The program is under the direction of a program administrator and an assistant program administrator who are assisted by 22 quality review (QR) coordinators: one each from the Documents, Microscopy, Polygraph, Trace Chemistry, and Toxicology sections; two each from the Firearms/Toolmarks and Forensic Biology sections: three each from the Latent Prints/AFIS section; and five each from the Drug Chemistry and DNA sections. The QR coordinators are responsible for carrying out the following quality assurance procedures cited in the Command Quality Manual: case reanalysis, case file reviews, internal proficiency testing, and on-site visits. Depending on the discipline, each analyst/examiner participates in one or more annual proficiency tests and on-site visits. In the Polygraph section, a detailed case file review is substituted for a proficiency test. Additionally, external agencies perform proficiency testing, which is monitored by the Quality Assurance (QA) Program Administrator.
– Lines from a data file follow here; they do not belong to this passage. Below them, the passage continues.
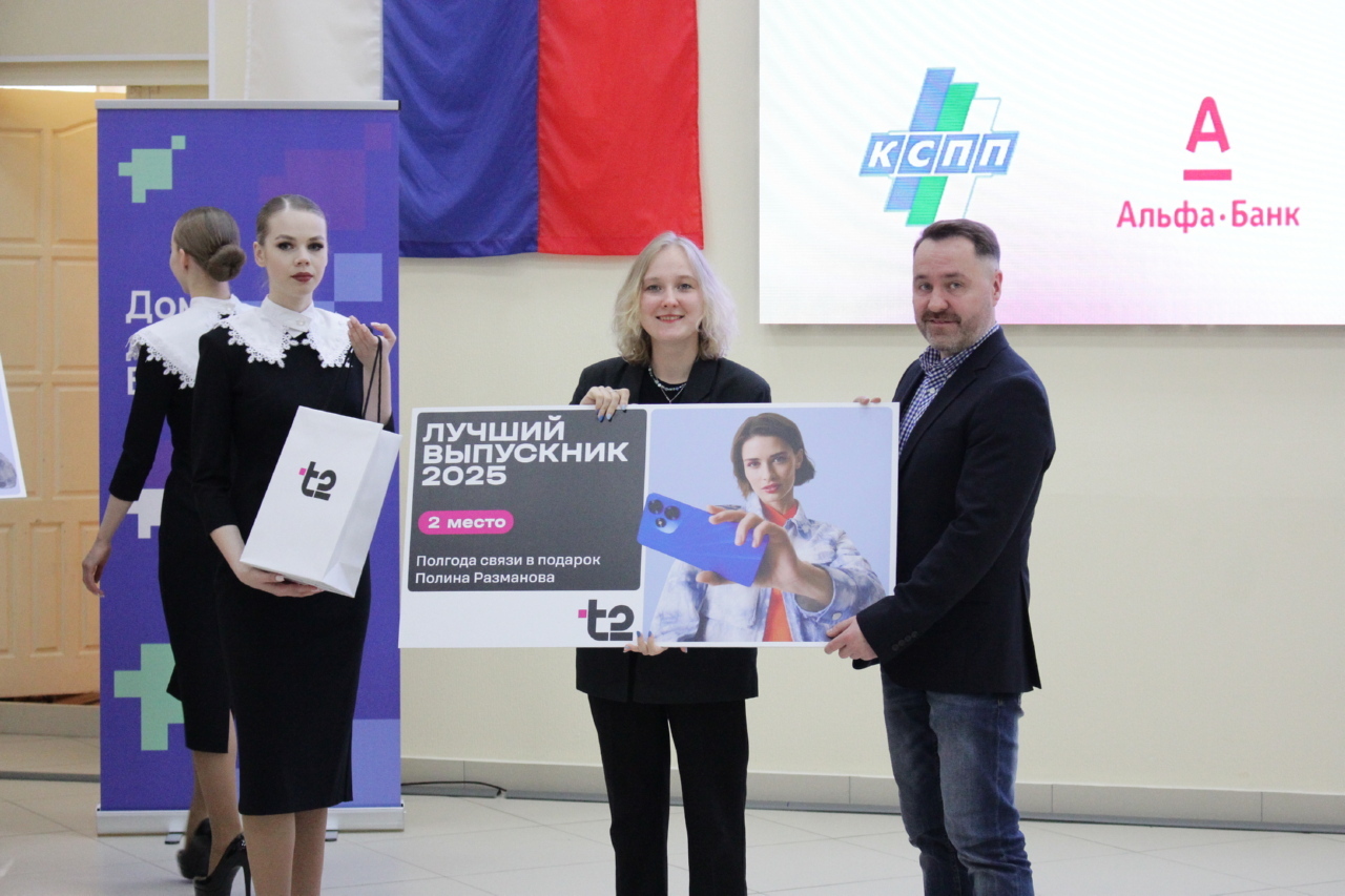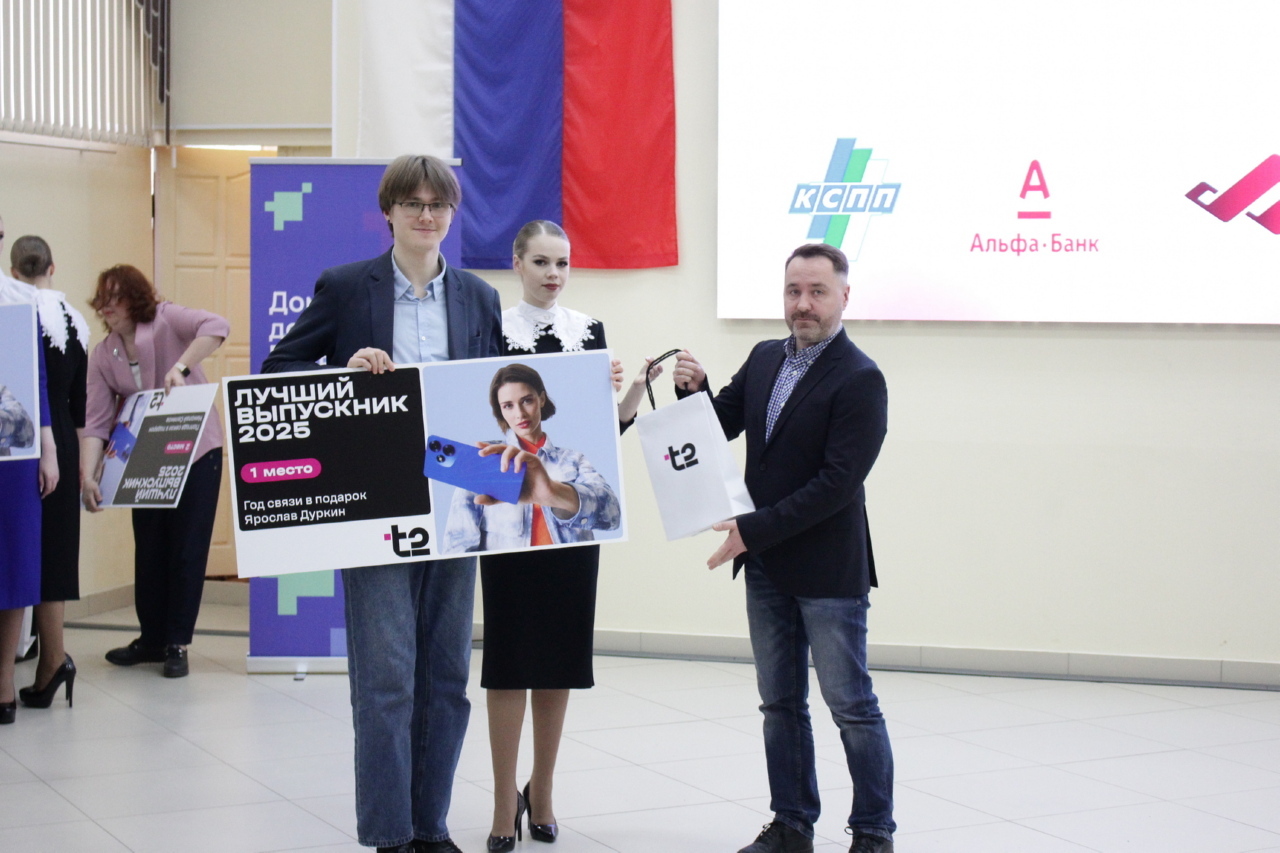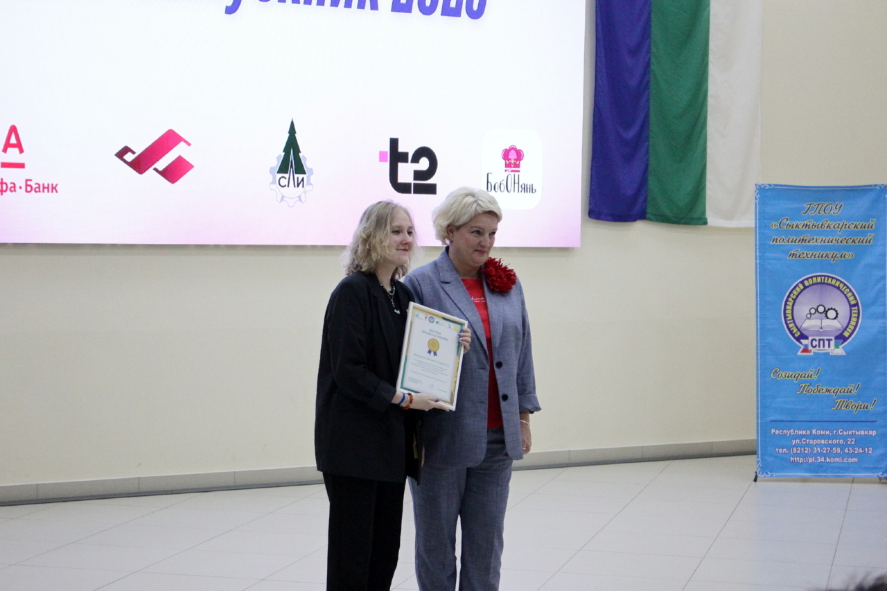 Победителям были вручены ценные призы: Ярослав получил годовой сертификат на бесплатное обслуживание от компании Т2, а Полина – сертификат на полгода. Кроме того, директор Сыктывкарского лесного института Любовь Гурьева торжественно вручила студентам ссузов – также лучшим выпускникам – брендированные подарки.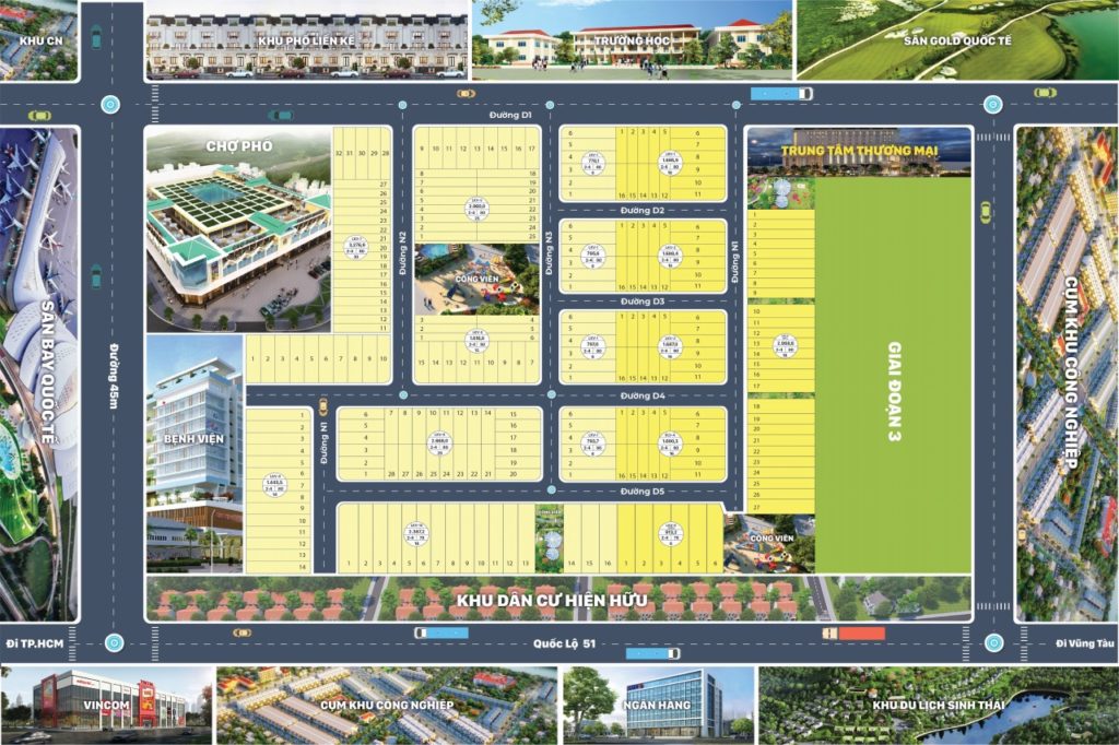 場所は、Long Thanh国際空港建設予定地の南東、約10㎞ほど行ったところ、Ho Chi Minh – Long Thanh – Dau Giay高速道路と国道51号線の交わる地点から直線で16㎞ほどのところです。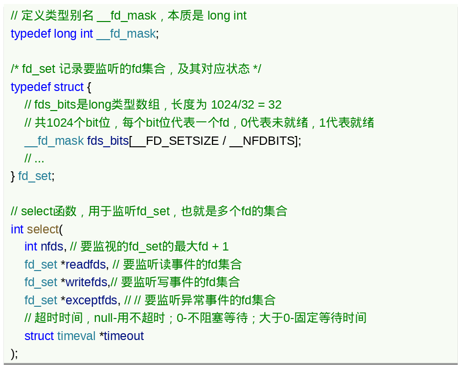 - select无法得知具体是哪个fd就绪,需要遍历整个fd_set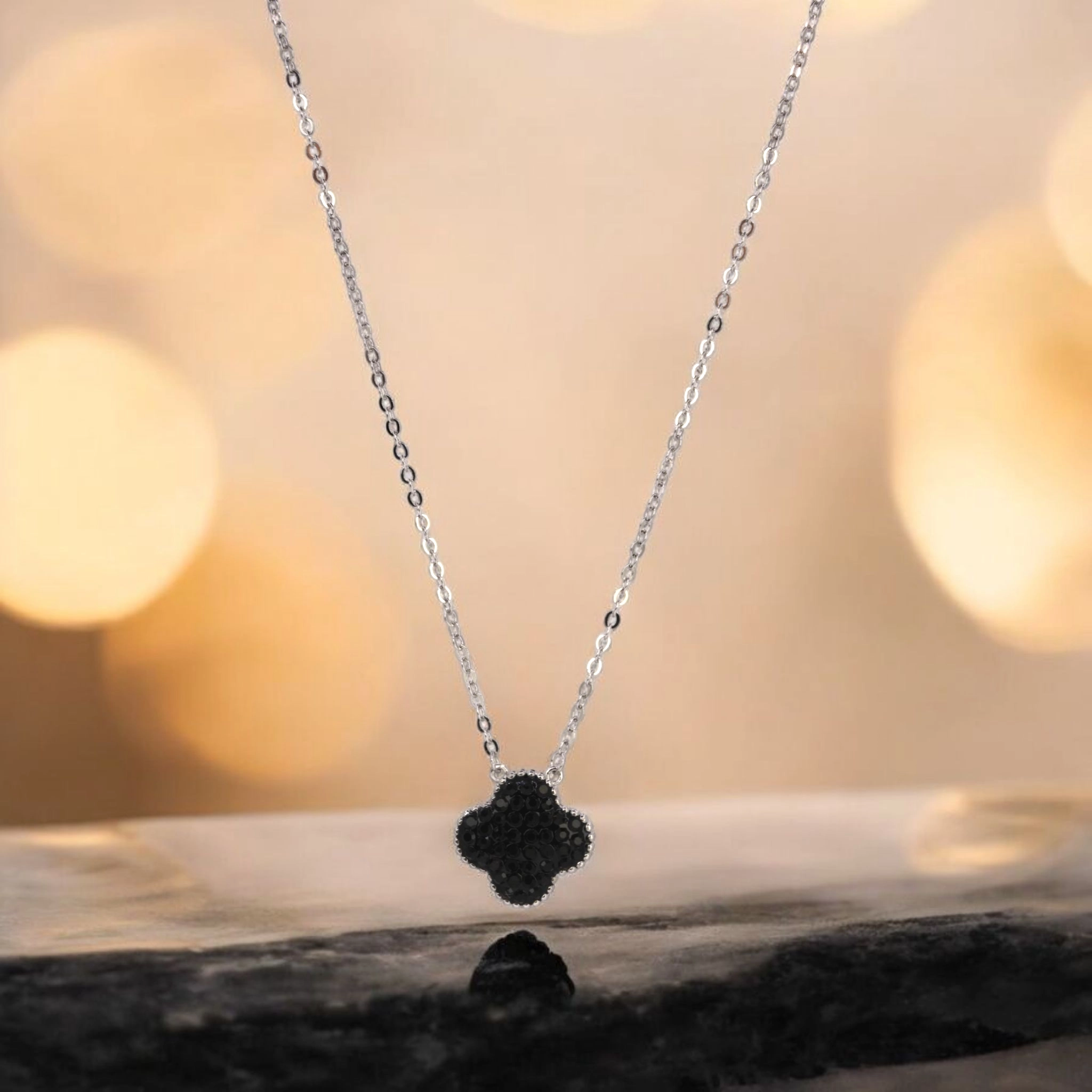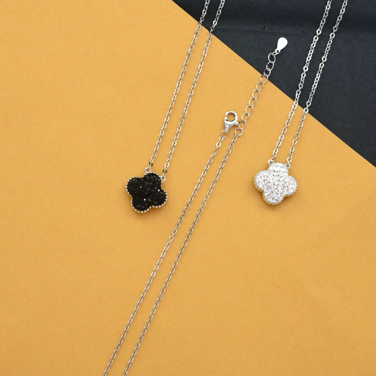 - Design: Reversible four-leaf clover pendant, paved white CZ on one side, black CZ on the reverse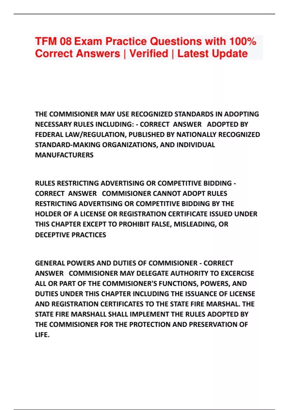 TFM 08 Exam Practice Questions with 100% Correct Answers | Verified | Latest Update THE COMMISIONER MAY USE RECOGNIZED STANDARDS IN ADOPTING NECESSARY RULES INCLUDING: - CORRECT ANSWER ADOPTED BY FEDERAL LAW/REGULATION, PUBLISHED BY NATIONALLY RECOGNIZED STANDARD-MAKING ORGANIZATIONS, AND INDIVIDUAL MANUFACTURERS RULES RESTRICTING ADVERTISING OR COMPETITIVE BIDDING - CORRECT ANSWER COMMISIONER CANNOT ADOPT RULES RESTRICTING ADVERTISING OR COMPETITIVE BIDDING BY THE HOLDER OF A LICENSE OR REGISTRATION CERTIFICATE ISSUED UNDER THIS CHAPTER EXCEPT TO PROHIBIT FALSE, MISLEADING, OR DECEPTIVE PRACTICES GENERAL POWERS AND DUTIES OF COMMISIONER - CORRECT ANSWER COMMISIONER MAY DELEGATE AUTHORITY TO EXCERCISE ALL OR PART OF THE COMMISIONER'S FUNCTIONS, POWERS, AND DUTIES UNDER THIS CHAPTER INCLUDING THE ISSUANCE OF LICENSE AND REGISTRATION CERTIFICATES TO THE STATE FIRE MARSHAL. THE STATE FIRE MARSHA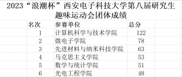 最终,计算机学院以总分122的成绩拔得头筹,成为团体第一名,微电子学院、材料学院、马克思主义学院、数统学院、光电工程学院分获团体第二至第六名。计算机科学与技术学院和马克思主义学院获优秀组织奖,空间科学与技术学院和物理学院获体育道德风尚奖。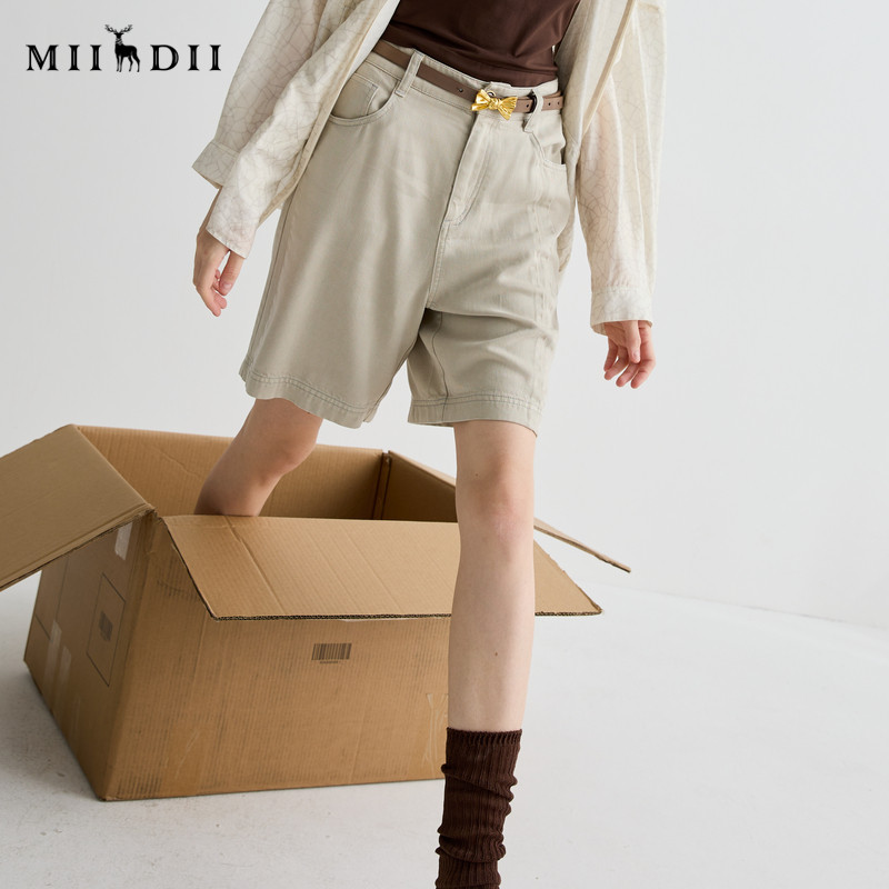 百搭日常莱赛尔丝滑合身牛仔短裤 252MK0687 女2025夏新品 谜底短裤由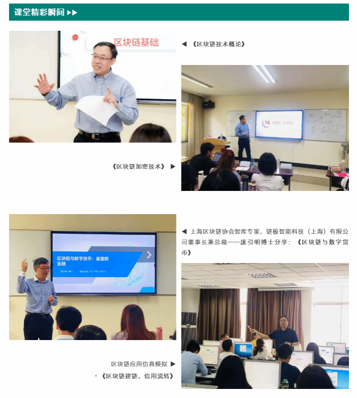 本期推送聚焦五月启动的区块链产业课程,区块链技术概念解读,带领SHU MBAer揭开区块链领域神秘面纱,区块链应用仿真模拟,实操掌握区块链建链与信用流转,更有培养学生“整合与实践”能力、助力知智融合的,真实企业商业诊断项目中期汇报会,被诊断企业董事长携高管团队进行专业解读、点评与建议: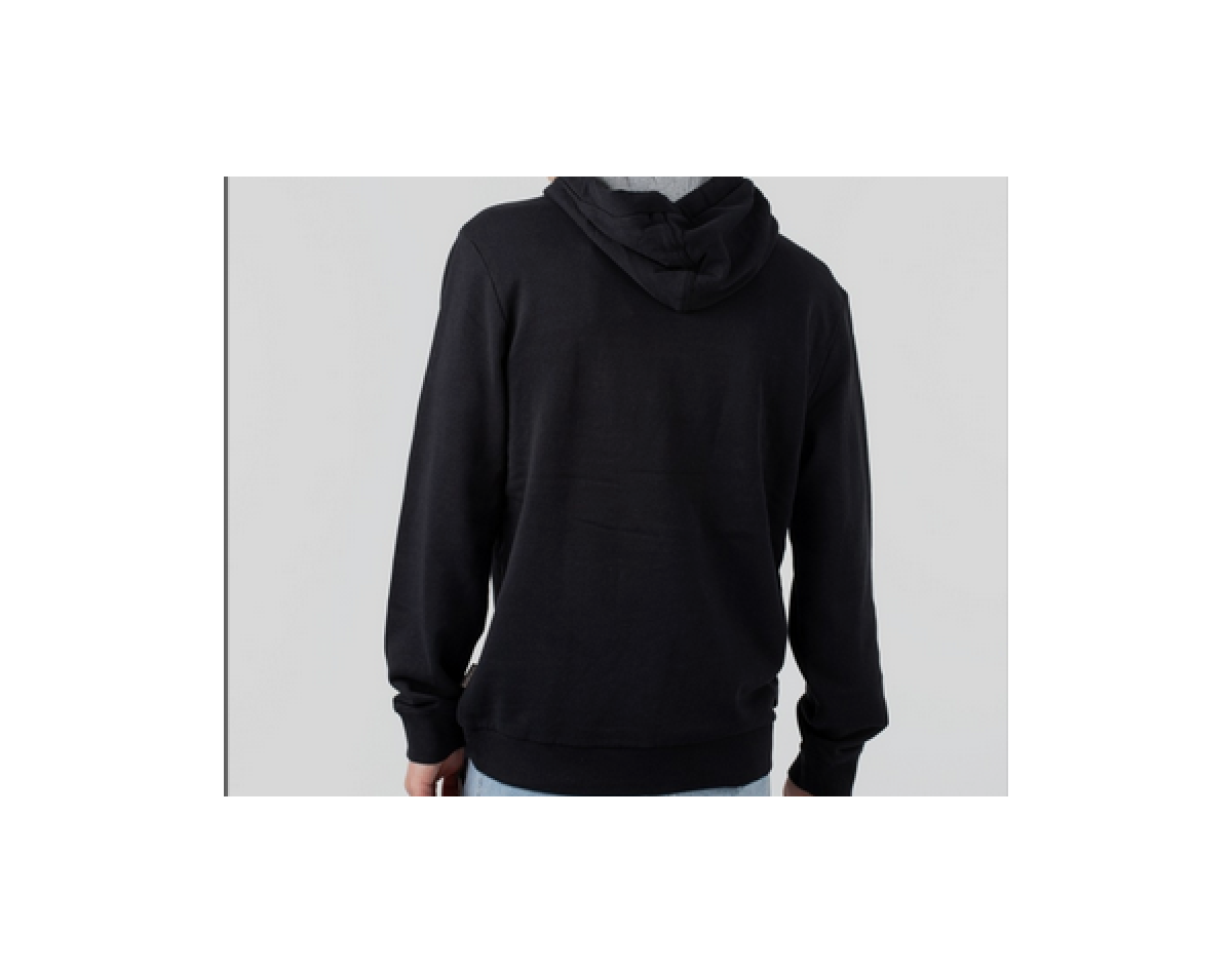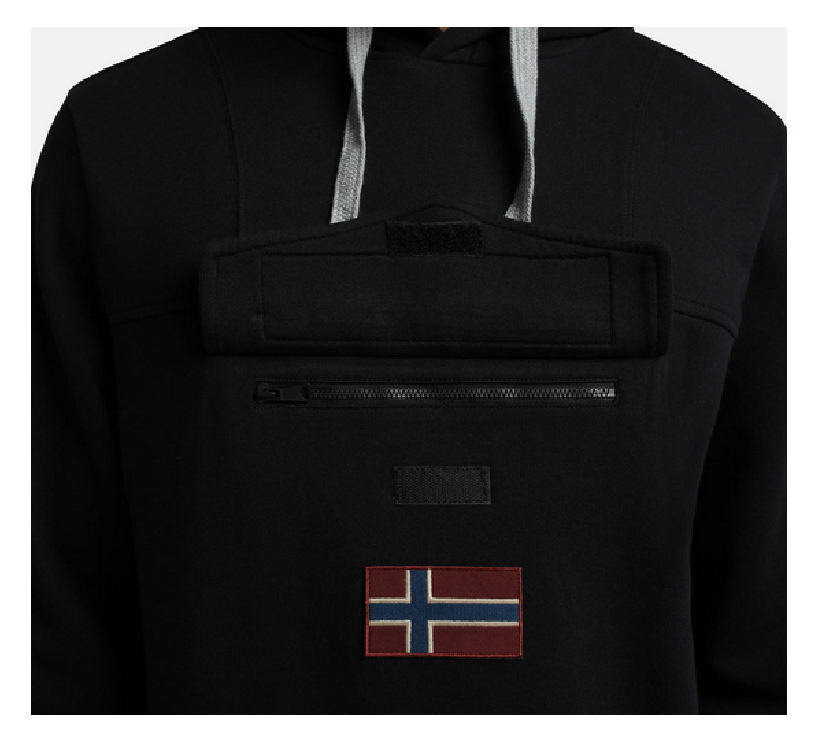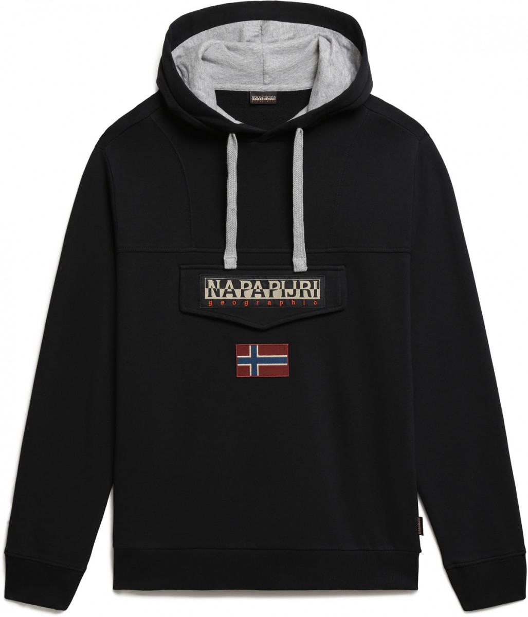 Černá mikina Napapijri s kapucí a našivkami na hrudi. Mikina má pod přední klopou kapsu na zip, stahovací šňůrku u kapuce a žebrované lemy na rukávech a v pase.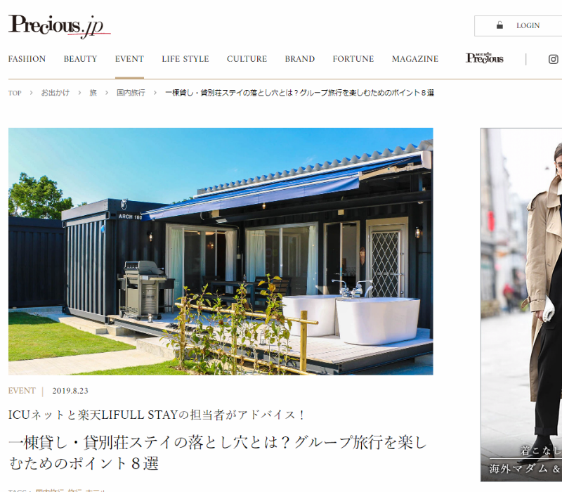 この度、小学館発行の雑誌「プレシャス・Precious」のWEBサイト内の「一棟貸し・貸別荘ステイの落とし穴!ここを押さえて宿泊を充実させよう」という企画で、当社担当によるアドバイス記事が掲載されました!
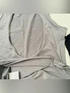 The bottom of the seam on the gray tank is coming undone. Easy sewing fix. See photo

To further assist with the quality process, an individual at each laboratory is designated as a Quality Manager. This person's responsibility is to track the QA process at their laboratory and file a year-end evaluation of laboratory activities and recommendations to improve the quality system. In addition, the Quality Manager is the contact person for the QR coordinators in the performance of their duties.

The results of case reanalysis and proficiency testing as reported by the QR coordinators for 1998 showed a total of four issues that could affect cases. This is a rate of 0.42 percent (four issues in 954 total reviews). Follow-up corrective action was taken in each instance to remedy the concern.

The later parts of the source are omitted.